A few days ago, I was watching a PBS program on how the Spanish explorer Hernando Cortes (1485-1547) conquered the Aztec population in what is now Mexico, and I was intrigued by a parallel to modern life. Without going into a lot of detail about the invasion, Cortes, with a force of Spanish and local indigenous people he picked up along the way, and much smaller than the Aztec forces arrayed against him, defeated the Aztecs, captured and killed their leader, Moctezuma II, and made the country a Spanish colony. How did he do it? Basically he had superior firepower.
The Aztecs had never seen horses, guns and gunpowder, and had no concept of the wheel. Yet their civilization flourished in central Mexico, and they built large cities and magnificent buildings, many of which are still visible. Their capital city had over two hundred thousand inhabitants. They were highly sophisticated in mathematics, astronomy, and devised a complicated calendar. They were a great civilization, no doubt, in spite of the fact that they practiced human sacrifice. Yet they were conquered by a smaller force.
Cortes’s army was, in today’s terminology, a quantum leap ahead of the Aztecs. It’s difficult to imagine what the average Aztec individual though of a weapon that made a thunderous noise and shot a projectile that could kill a person at a distance.
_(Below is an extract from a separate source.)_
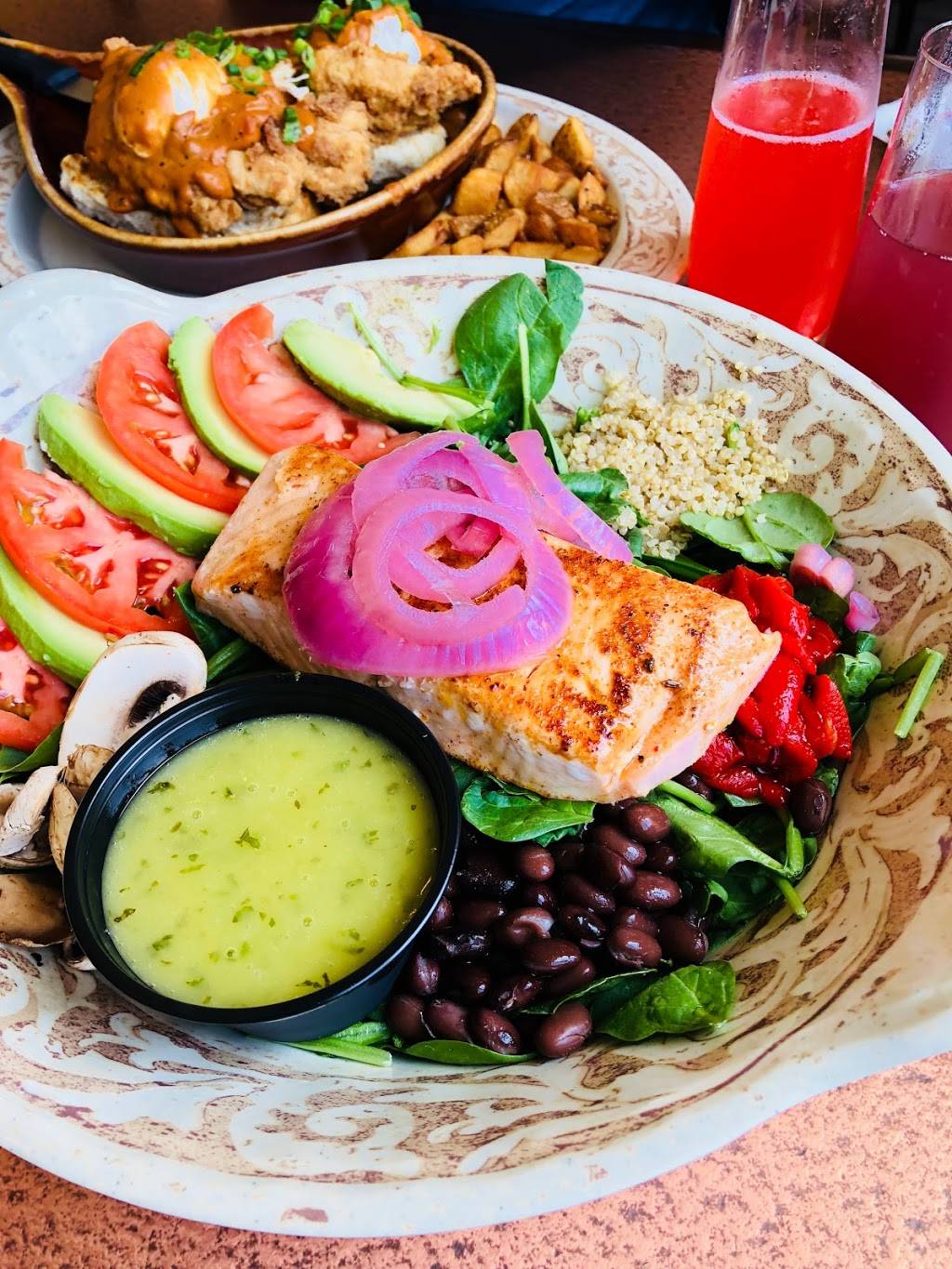 A modern southern restaurant with a fresh take on breakfast classics. I had the limited edition carrot cake pancakes. Yum! They are crispy on the outside & tender inside with raisins & nuts. Their homemade sausage is SO flavorful. A must try. And my cousin loved her crabcake Benedict. Downsides: pancake flight is just plain pancakes with a little topping inside & out. Also, chicken & waffles are bland. Overall the place is pretty great. I'd definitely go back to try more!

Or what he thought of the presence of horses, huge animals that people could ride, and in so doing, travel much faster than a man could run. To them, these must have been, at the same time, awe-inspiring and terrifying. How many Aztec warriors were killed because they simply didn’t know how to react?
What’s this got to do with today? Certainly, a number of lessons can be derived from the defeat of the Aztecs, but what I want to focus on is the future. This story would make a good basis for a science fiction novel, but it could be extended to science fact as well. If a smaller, but much more highly advanced army (perhaps I should call it an invasion force) can defeat an army of superior numbers but inferior weaponry, how much chance do we on Earth have of a force of aliens from outer space?
So far, there’s never been any seriously documented invasion of Earth from outer space. There hasn’t even been a well-documented visit, Roswell, NM, notwithstanding. A few people claim to have been abducted by aliens, but no one has any real proof. None of that, however, means it couldn’t happen. Were we invaded by a force from the stars, they would almost certainly be scientifically superior. How else would they know how to travel the immense distances through space in order to reach us here? They would have to come from outside our solar system, as there doesn’t appear to be any place in our system that could allow development of the type of living beings we have on Earth. We’re almost certainly alone in this solar system.
But other systems are a different matter. Highly sophisticated militaristic forms may be lurking out there, salivating at the prospect of annexing our lovely planet. Do they really exist? No one knows. But if they’re capable of traveling to Earth, they must be far more advanced than we, since we can barely make it to the moon and back. That almost certainly would include weaponry. In short, if we get invaded by Conquistadors from outer space, we’ve had it. They could probably take us down like a cat taking down a mouse. Take a lesson from the Aztecs. Let’s hope there’s no alien Cortes out there in his faster-than-light spaceship.